Did the parents of your Golden Retriever have their OFA hips and elbow clearances? Heart and Eye Clearances? Please comment or explain if parent clearances are different. I am also curious how the price of the dog corresponds to the clearances the parents had but I didn't know how to tie that into the pole.


----------



## tippykayak (Oct 27, 2008)

Isn't it CERF? Cool poll.


----------



## MILLIESMOM (Aug 13, 2006)

Millies father did, her mother did not. My new girl Brie is CKC reg. I have never had a dog that was registered this way. Can anyone enlighten me.

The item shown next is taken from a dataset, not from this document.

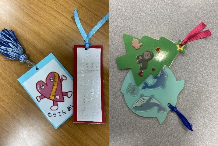 今回は、図書委員が作ったしおりもプレゼントしました。しおりは、点字のもの、クリスマスツリーをかたどったもの、盲学校のマスコット・もうてんあいちゃんのイラスト入りのものなど、みんなで協力して作りました。
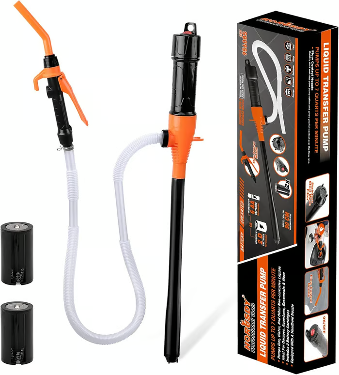 Comfortable to carry: Can be powered by 2 x D batteries or 6 x AA batteries (batteries not included). Slide switch design, simple and convenient; The hook design on the top is easy to store and use, the connection between the hose and the pump is pre-fixed, so you don't have to worry about connecting the hose or worrying about leakage.

Of course we got her because her owner is moving and cannot take two dogs. She is a beautiful dog.


----------



## tippykayak (Oct 27, 2008)

MILLIESMOM said:


> Millies father did, her mother did not. My new girl Brie is CKC reg. I have never had a dog that was registered this way. Can anyone enlighten me. Of course we got her because her owner is moving and cannot take two dogs. She is a beautiful dog.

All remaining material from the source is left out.